John Dummelow's Commentary on the Bible

Acts 17

 

 

Verses 1-34


Second Missionary Journey (continued)

1-15. Thessalonica and Berœa.

1. Amphipolis] 32 m. W. of Philippi.

Apollonia] 30 m. W. of Amphipolis.

Thessalonica] now Salonika, was the capital of the province of Macedonia, and an important commercial centre. St. Paul's plan was first to evangelise the seats of government and the trade centres, knowing that if Christianity was once established in these places it would spread through the Empire.

3. Christ] RV 'the Christ,' i.e. the Messiah.

4. Devout Greeks] Not necessarily proselytes, but persons who had given up idolatry, attended the synagogue services, and worshipped the God of the Jews.

5. Lewd fellows] lit. 'certain evil men of the idlers in the marketplace.' Jason] probably identical with the Jason of Romans 16:21, and therefore a Jew. His correct name was probably Jesus or Joshua.

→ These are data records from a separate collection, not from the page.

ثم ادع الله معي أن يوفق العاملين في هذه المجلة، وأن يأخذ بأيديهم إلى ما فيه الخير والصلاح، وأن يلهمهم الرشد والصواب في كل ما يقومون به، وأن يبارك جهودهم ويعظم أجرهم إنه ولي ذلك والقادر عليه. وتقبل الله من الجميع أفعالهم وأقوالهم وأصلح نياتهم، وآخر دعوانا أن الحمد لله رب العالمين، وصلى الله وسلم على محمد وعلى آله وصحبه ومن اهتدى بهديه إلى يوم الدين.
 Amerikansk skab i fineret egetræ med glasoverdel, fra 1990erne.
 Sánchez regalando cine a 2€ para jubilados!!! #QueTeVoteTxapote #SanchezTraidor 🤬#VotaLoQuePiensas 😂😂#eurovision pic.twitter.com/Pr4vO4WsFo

6. The rulers] The Gk. word used here (politarchai, a rare and peculiar one) is proved to be correct by an inscription on an arch, which also contains the names Sosipater, Gaius, and Secundus.

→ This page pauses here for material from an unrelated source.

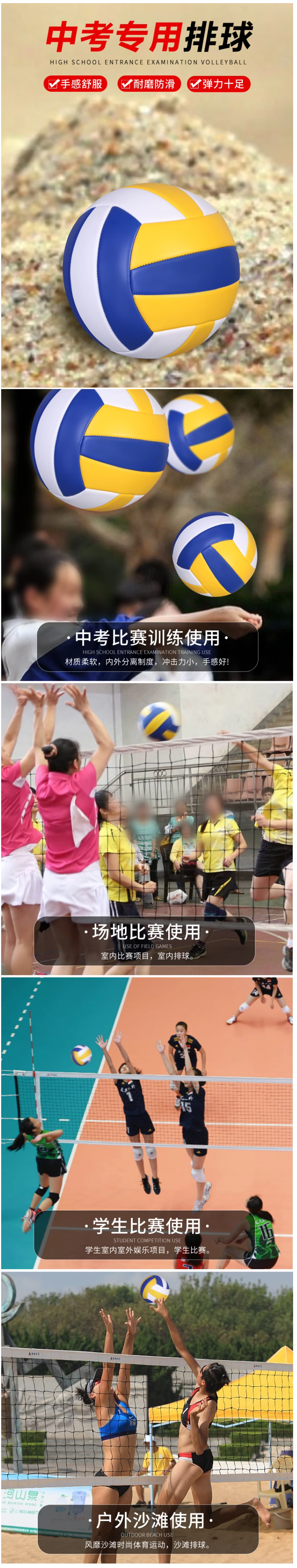 排球中考学生专用5号初中生训练比赛4号儿童小学生软式充气硬排球兰黄白5号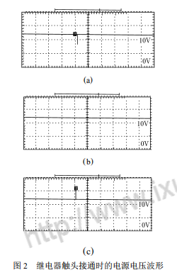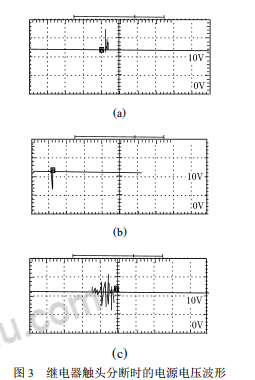 Figure 2 (a), (b), and (c) respectively show the power supply voltage waveforms at the moment when the normally open contact of the relay is turned on. It can be seen that there are sometimes jumping spikes on the power supply voltage. However, the amplitude, polarity, number and presence of spikes are random, which is consistent with the irregularity of system malfunctions.

9. Taken security] The immediate departure of Paul and Silas renders it probable that Jason gave security that St. Paul would leave the city, and that the Apostle assented to this undertaking, and was thus prevented from revisiting the Thessalonians: see 1 Thessalonians 2:18.

The Epistles to the Thessalonians, who are represented as mainly a Gentile Church (1 Thessalonians 1:9; 1 Thessalonians 2:14), imply a much longer residence at Thessalonica than three weeks. Acts 17:2, therefore, must be understood to mean that he worked for three weeks among the Jews, and afterwards turned to the Gentiles, among whom he laboured for three or four months.

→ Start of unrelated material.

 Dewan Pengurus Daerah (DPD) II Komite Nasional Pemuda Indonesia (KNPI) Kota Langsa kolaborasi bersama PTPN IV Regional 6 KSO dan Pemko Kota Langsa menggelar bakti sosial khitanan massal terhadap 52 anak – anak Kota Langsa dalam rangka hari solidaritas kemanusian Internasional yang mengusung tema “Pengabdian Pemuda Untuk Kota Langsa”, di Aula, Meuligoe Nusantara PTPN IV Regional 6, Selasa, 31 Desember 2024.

10. Berea (Berœa)] a Macedonian town of some importance, 50 m. SW. of Thessalonica. To this 'out of the way' place (Cicero) St. Paul retreated, probably for rest and quiet.

14. As it were to the sea] i.e. they pretended to go to the sea (to elude pursuit), and then turned off and went by land to Athens. Others translate simply 'to the sea,' and suppose that St. Paul embarked at Dium and went by sea to Athens.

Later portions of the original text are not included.